BimbAvis a Balconi, una giornata Avis per le famiglie questa estate

Giochi al BimbAvis

Si potrebbe chiamare “BimbAvis” la bella e intensa giornata organizzata sabato 2 giugno dall’Avis di Balconi, in collaborazione con il Comitato Sagra, per coinvolgere le famiglie del paese e avvicinarle alla solidarietà del dono. Oltre 150 tra bambini e adulti hanno potuto giocare e divertirsi insieme grazie alle tante attività del Ludobus, al grande gioco dell’oca costruito dall’Associazione “Momenti per crescere”, ai giochi di ruolo dell’Associazione “Il Borgo Magico” e alla bella musica de “I Chitarrissimi”. Durante la giornata sono state raccolte ben nove promesse di donazione che, con la situazione allarmante di calo donazionale degli ultimi anni, sono sicuramente un bel segnale, ma che dovranno essere seguite con molta cura dal nostro Direttivo perché diventino… nuovi donatori.
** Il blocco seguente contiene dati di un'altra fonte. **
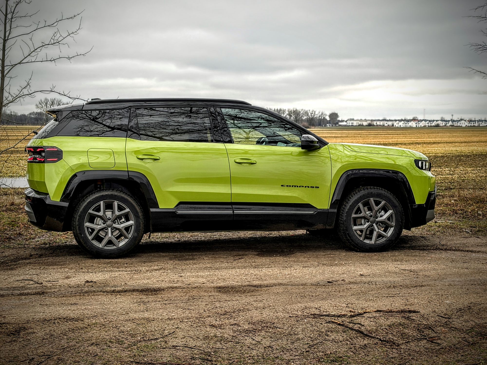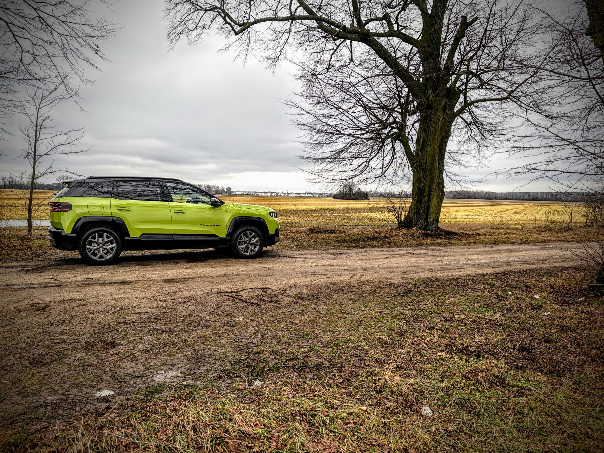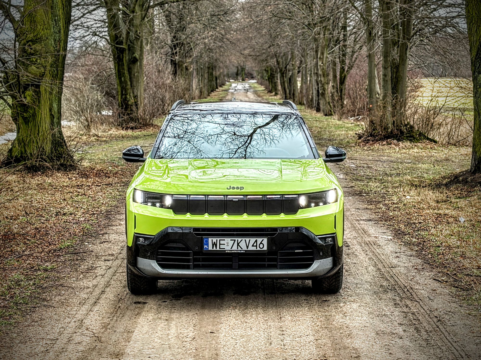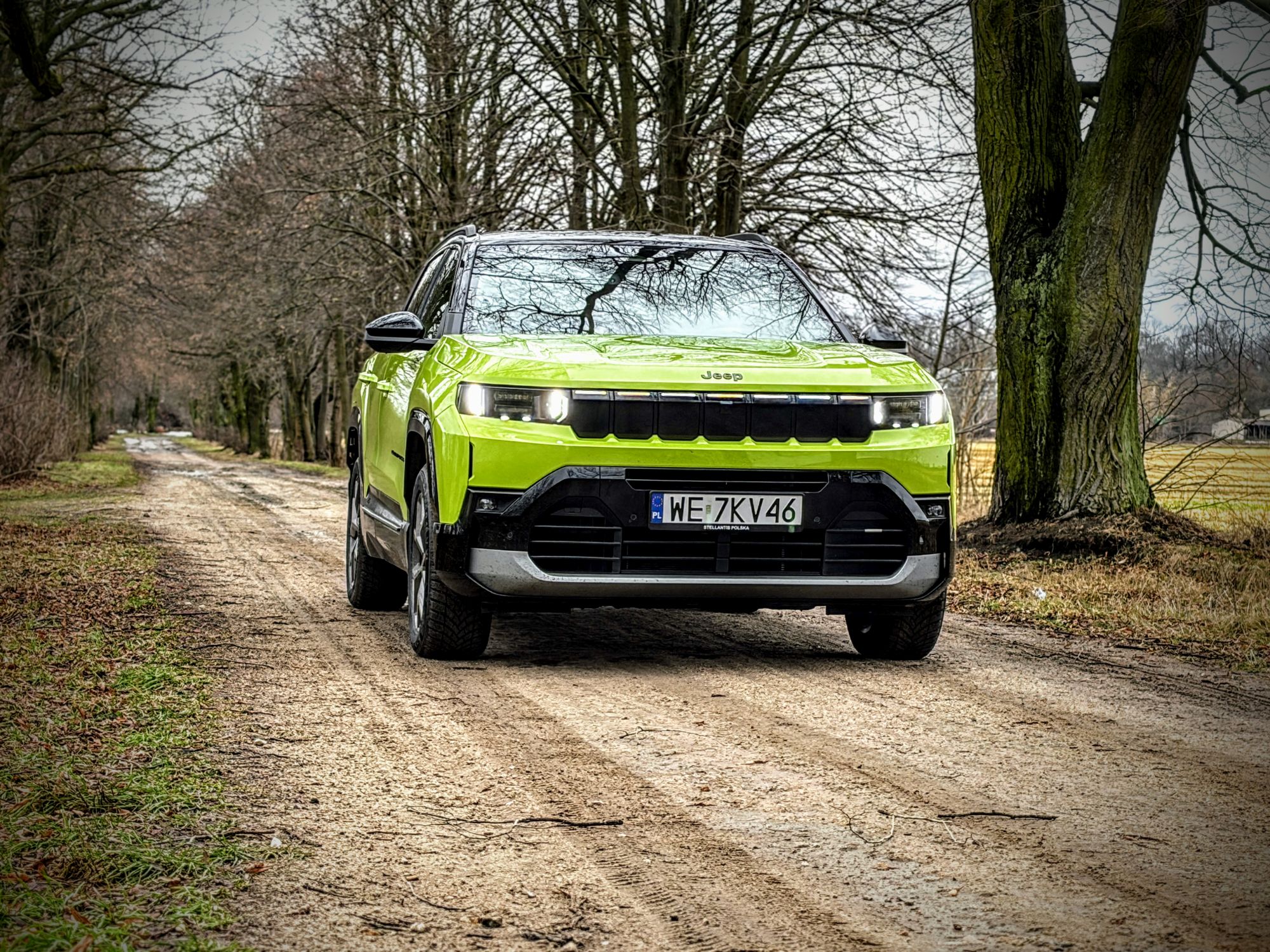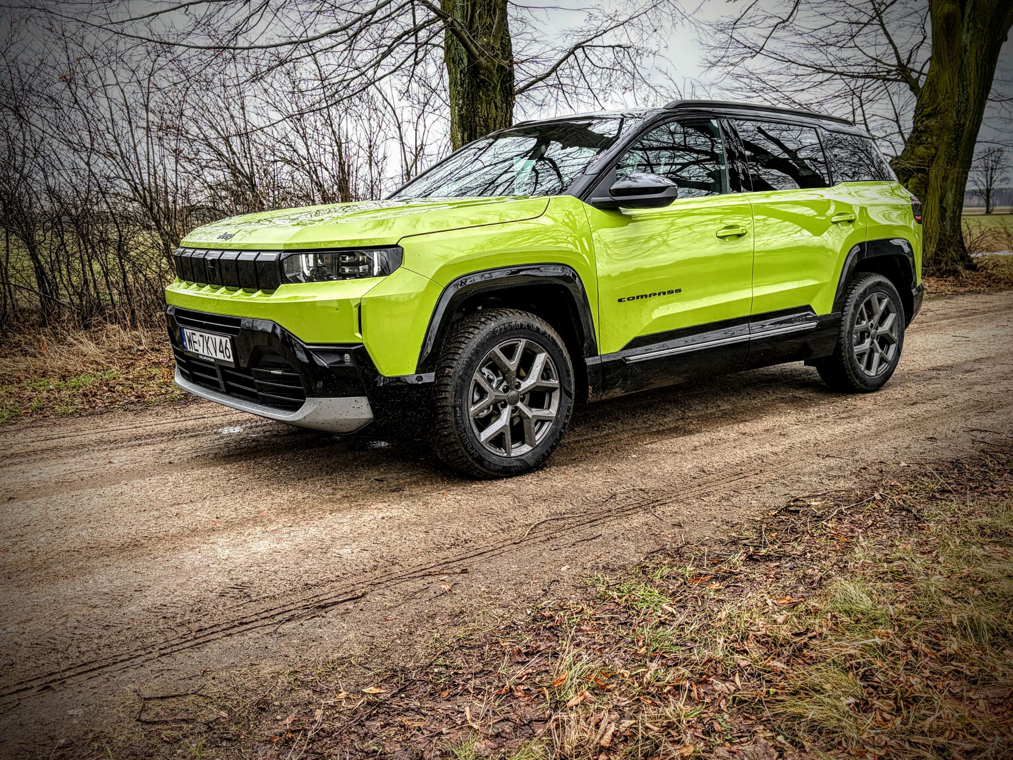 Trasa powrotna (wersja BEV 213 KM, bateria 74 kWh): wariant w pełni elektryczny z napędem na przednią oś. Komunikaty prasowe obiecują tu zasięg sięgający 500 km, ale rzeczywistość drogowa szybko weryfikuje laboratoryjne pomiary. Nasz testowy wynik zużycia energii to wysokie 28 kWh/100 km, choć tu od razu należy zaznaczyć, że w powrotnej drodze korzystałem głównie z tras szybkiego ruchu, a to zawsze jest wyzwanie dla zużycia prądu. Przy baterii o pojemności 74 kWh łatwo policzyć, że realny zasięg w takich warunkach będzie oscylował wokół 260 kilometrów. Compass w tej wersji okazuje się niestety dość prądożerny. Temperatura powietrza w trakcie dnia testowego oscylowała wokół 4°C, ale muszę zaznaczyć, że przez większość trasy biegnącej głównie w kierunku północnym wprost na maskę dmuchał mi frontalny wiatr o prędkości ok. 30 km/h, co niestety, podniosło zauważalnie zużycie.

Tante persone, simpatizzanti Avis, hanno partecipato con grande cuore e disponibilità alla manifestazione, dando una mano per promuovere il dono del sangue.

Francesco Pevarello

Da Piazza Bra alla Madonna della Corona, quaranta chilometri di solidarietà con l’Avis

Il Santuario della Madonna della Corona
La partenza della “Camminata della Solidarietà”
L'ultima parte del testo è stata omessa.